The recent literature has increasingly focused on the role of exogenous compound shocks—namely, pandemics, climate change, and social unrest—as emerging sources of credit instability. These phenomena often co-occur and interact in nonlinear ways, producing cascading effects on borrower behavior, portfolio quality, and systemic financial resilience.
  • COVID-19 and Credit Risk: The COVID-19 pandemic exposed critical limitations in traditional credit risk models. Government interventions—such as moratoriums, liquidity injections, and public credit guarantees—generated structural breaks in borrower behavior, which challenged the assumptions of pre-pandemic models and led to inaccurate estimations of default risk [11]. These disruptions particularly affected financially vulnerable groups as noted in recent empirical analyses [24].
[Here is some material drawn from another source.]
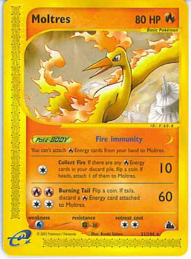 Type | Fire | Pokemon serie | Skyridge | Stadie | Basic | HP | 80 | Sjældenhed | Rare | Tilbagetrækning | 2 | Modstand | F | Svaghed | W | Kortnummer | 21 | Evne | [C] Collect Fire (10) If there are any R Energy cards in your discard pile, flip a coin. If heads, attach 1 of them to Moltres. [CCRR] Burning Tail (60) Flip a coin. If tails, discard a R Energy card attached to Moltres.

    Several studies have highlighted the necessity of using adaptive, data-driven approaches—such as deep learning and regularized regression models—to handle the nonlinearity and volatility introduced by systemic shocks [25,26,27]. In the Peruvian context, unemployment shocks and loan restructuring policies were found to be key drivers of delinquency in consumer and microfinance credit portfolios during the pandemic period [28,29]. Evidence also suggests that regularized machine learning models, including Lasso and Ridge regression, offer robust predictive performance under uncertainty, particularly in large-scale government programs such as “Reactiva Perú” [27].
  • Climate-Related Risks: Climate change poses both physical risks (e.g., floods and droughts) and transition risks (e.g., carbon pricing and regulatory shifts), each with distinct implications for credit stability. Physical hazards can disrupt supply chains, damage infrastructure, and reduce household and firm-level repayment capacity [30], while transition risks expose high-emission sectors to market penalties and regulatory uncertainty [31,32].
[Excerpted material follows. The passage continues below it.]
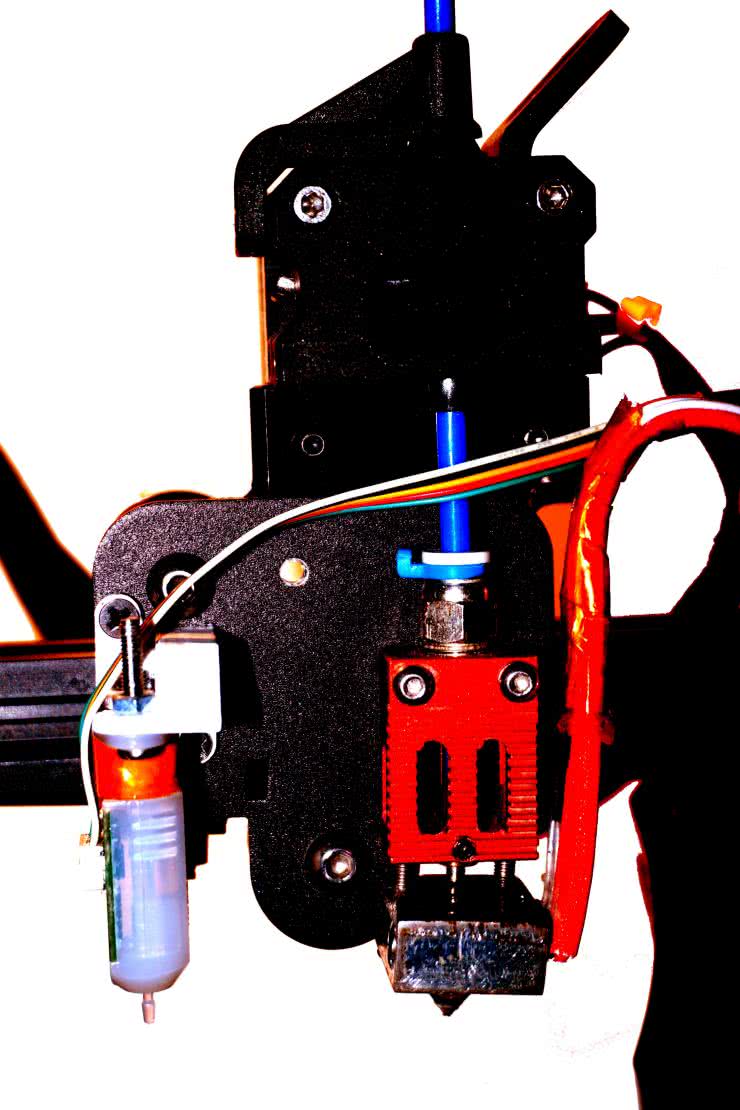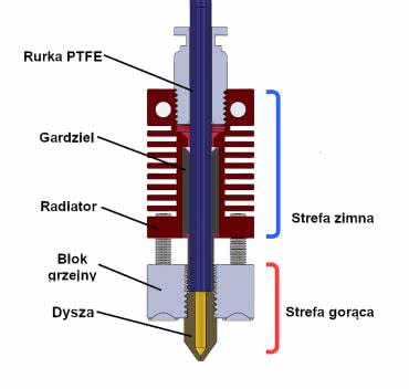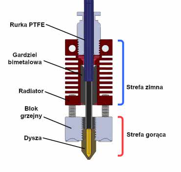 Temperatura maksymalna opisywanej głowicy może wynieść nawet 300°C (w urządzeniach dla hobbystów i większości profesjonalistów). Istnieją rozwiązania z grzałkami dużej mocy oraz chłodzeniem wodnym radiatora, które osiągają temperatury 400...500°C i pozwalają na druk z użyciem bardziej egzotycznych materiałów. Fotografia 2 prezentuje głowicę ze zdjętą osłoną (w której znajdują się: wentylator chłodzący radiator i drugi, chłodzący drukowany fragment modelu), widać też na powierzchni bloku grzejnego ślad wycieku PLA, gdy dysza zatkała się z powodu ustawienia zbyt niskiej temperatury. Z bloku grzejnego zdjęto silikonową „skarpetę” izolacyjną, która stanowi dla niego dodatkowy izolator termiczny. W razie oderwania się wydruku od blatu (co zwykle kończy się oklejeniem głowicy kłębkiem wyekstrudowanego filamentu) owa skarpeta ułatwia oczyszczenie głowicy, jednak łatwo ją przy tym uszkodzić, dlatego zaleca się zaopatrzenie w zapasowy egzemplarz.

    Empirical evidence shows that extreme climate events elevate loan impairment rates and increase provisioning requirements, particularly for microfinance institutions operating in vulnerable regions [12]. These dynamics underscore the urgency of integrating climate stress testing, early-warning systems, and network-aware modeling into credit risk frameworks [33,34].
    This study [35] analyzes the interaction between macroeconomic shocks and climate-driven economic pressures within the Peruvian context, using a vector autoregression (VAR) model with national time-series data. Their findings suggest that expansionary monetary policies during periods of climate-related stress may inadvertently elevate the credit risk of microfinance portfolios. This reinforces the need to develop predictive frameworks that account for both environmental and policy-related drivers of credit instability in emerging economies.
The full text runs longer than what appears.